Data for 52 complete epigenomes and many partial datasets for a diversity of “normal” human cells and tissues are currently available http://www.roadmapepigenomics.org/. Some of the cells and tissues mapped thus far include embryonic stem (ES) cells, ES-cell derivatives, induced pluripotent stem cells, multiple fetal tissues, several varieties of blood and immune cells, breast cell types, placenta, and solid tissues (e.g. adipose, gastrointestinal tract, skin, and brain). There are plans to complete 50-100 additional epigenomes by the end of the program. Assay protocols and recommended data standards are also available.

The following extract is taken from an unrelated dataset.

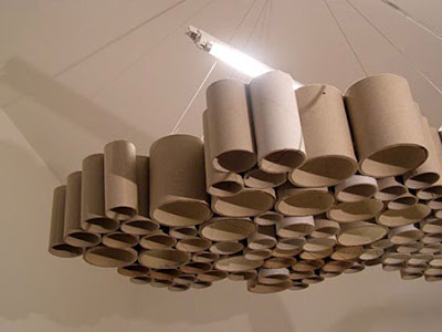 Estive num escritório onde os candeeiros de teto não podiam ser mais Primeira Casa da Rua. Uma iluminação tão simples como a que muitas vezes se utiliza na cozinha das nossas casas e uns tubos de papelão são o suficiente para dar um toque especial à iluminação.
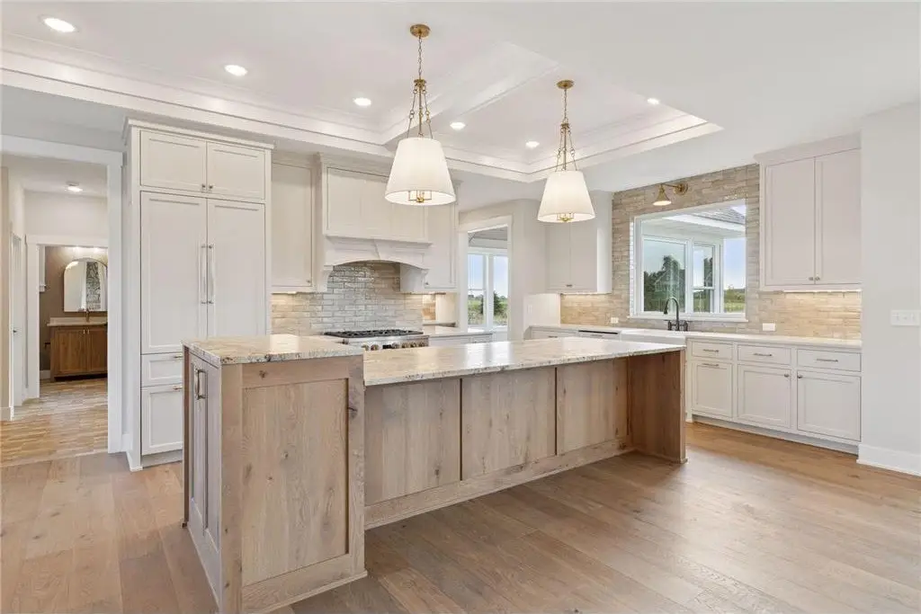 Welcome to this exceptional custom-built home by Derrick Custom Homes, a true masterpiece offering 4 bedrooms, 3 bathrooms, and an expansive layout designed for both everyday living and elegant entertaining. From the moment you step inside, you'll be captivated by the quality craftsmanship and thoughtful design. The open-concept main level features a warm and inviting living room, anchored by a gas fireplace surrounded by custom built-in cabinetry, creating a cozy yet sophisticated ambiance. The gourmet kitchen is a chef’s dream, showcasing full-height custom cabinetry, a spacious center island, decorative tile backsplash, walk-in pantry with a wet bar, and stainless-steel appliances. Stylish lighting and high-end fixtures are thoughtfully placed throughout the home, adding a modern and refined touch. Natural light pours in through expansive picture windows, enhancing every corner of the home. Enjoy year-round relaxation on the four-season porch, complete with its own fireplace, the perfect space for morning coffee or evening gatherings. Retreat to the luxurious primary suite, featuring a spa-inspired ensuite with a dual-sink vanity, walk-in tile shower, indulgent soaking tub, and in-floor heating. A second bedroom, full bath, powder room, mudroom, and laundry room round out the main floor. The finished lower level is designed for entertainment and versatility, offering a spacious media and gaming area with a third gas fireplace and wet bar and in-floor heat throughout the finished spaces. Two additional bedrooms, each with walk-in closets, a 3/4 bath, dedicated exercise room, and ample storage space complete the lower level. An attached 3-car garage adds convenience and functionality to this already impressive home. This is a must-see property that perfectly blends luxury, comfort, and modern design. Schedule your private showing today!

Analysis of this data will help us predict functional genomic elements, understand cross-talk between epigenetic regulatory mechanisms, understand cellular programming and reprogramming, and provide baseline information to help human disease researchers.
Additional mapping center discoveries or publications
- Development of the protocol and completion of the first human methylome datasets. Lister, R., et al. Human DNA methylomes at base resolution show widespread epigenomic differences. Nature, 2009. 462(7271):315-322.
- Development of a base resolution assay enabling genomewide characterization of hydroxymethylation (hmC). hmC is enriched in embryonic stem cells and some types of neurons. hmC functions still not clear. Base-resolution analysis of 5-hydroxymethylcytosine in the mammalian genome. Yu et al. Cell. 2012 Jun 8;149(6):1368-80.
- New protocol allowing whole genome profiling from 10,000 cells using nano-ChIP-seq, resulting in a 2-3 fold order of magnitude improvement in sensitivity. Whole-genome chromatin profiling from limited numbers of cells using nano-ChIP-seq. Adli and Bernstein. Nat Protoc. 2011 Sep 29;6(10):1656-68.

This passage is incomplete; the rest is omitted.